Search code examples
apache-sparkpysparkhbaseapache-zookeeperthrift

HBase client for Spark cannot be authenticated in ZooKeeper using SASL


I'm processing HBase tables from Spark (EMR, in Yarn mode). Actually, PySpark - I don't think it is important. I call HBase through separate Thrift service from outside of the HBase cluster.

It looks like I was able to connect to the Thrift servers but I have some issue with ZooKeeper (because of the error point me to ZooKeeper port 2181).

Why does that happen and how can I fix that?

17/08/02 20:21:31 INFO ZooKeeper: Client environment:java.io.tmpdir=/tmp
17/08/02 20:21:31 INFO ZooKeeper: Client environment:java.compiler=<NA>
17/08/02 20:21:31 INFO ZooKeeper: Client environment:os.name=Linux
17/08/02 20:21:31 INFO ZooKeeper: Client environment:os.arch=amd64
17/08/02 20:21:31 INFO ZooKeeper: Client environment:os.version=4.4.35-33.55.amzn1.x86_64
17/08/02 20:21:31 INFO ZooKeeper: Client environment:user.name=hadoop
17/08/02 20:21:31 INFO ZooKeeper: Client environment:user.home=/home/hadoop
17/08/02 20:21:31 INFO ZooKeeper: Client environment:user.dir=/home/hadoop/data
17/08/02 20:21:31 INFO ZooKeeper: Initiating client connection, connectString=thrift-internal.production.k8s.prod.node.io:2181 sessionTimeout=180000 watcher=org.apache.hadoop.hbase.zookeeper.PendingWatcher@2818bc0e
17/08/02 20:21:31 INFO ClientCnxn: Opening socket connection to server ip-172-23-115-152.us-west-2.compute.internal/172.23.115.152:2181. Will not attempt to authenticate using SASL (unknown error)

Solution

  • As an HBase client, you have to connect to both: HBase service (directly or through Thrift) and ZooKeeper service (which usually runs on the same server as HBase Master).

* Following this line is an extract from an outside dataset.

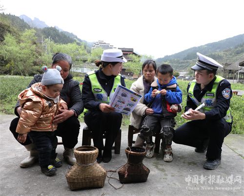 3月27日,在湖南省保靖县吕洞山镇夯吉村,交警给学生讲解交通安全知识。在全国中小学生安全教育日到来之际,该县公安局交警大队组织民警深入中小学校、社区、村头巷尾开展交通安全宣传活动,让学生从小懂得交通安全、自觉遵守交通法规,增强交通安全意识,提高自我保护能力。(俞采华 彭 博)

    When you connect to HBase using Thrift servers the library uses the same host address to communicate to ZooKeeper.

    hbase = happybase.Connection(host, port=port, timeout=10000)
    

    However, this ZooKeeper address is not correct if Thrift servers work on a separate hardware/IPs.

    So, you have to connect to Thrift using the regular code

    hbase = happybase.Connection(host, port=port, timeout=10000)
    

    but specify HBaseHost (ZooKeeper) when you connect to a table by hbase.zookeeper.quorum parameter:

       conf = {"hbase.zookeeper.quorum": HBaseHost, "hbase.mapreduce.inputtable": table}
       rdd = spark_context.newAPIHadoopRDD(
            "org.apache.hadoop.hbase.mapreduce.TableInputFormat",
            "org.apache.hadoop.hbase.io.ImmutableBytesWritable",
            "org.apache.hadoop.hbase.client.Result",
            keyConverter=keyConv,
            valueConverter=valueConv,
            conf=conf
        )
    

    The ZooKeeper address might be also specified in hbase-site.xml as hbase.zookeeper.quorum property. Then you need to include this config file in your's HBase client settings.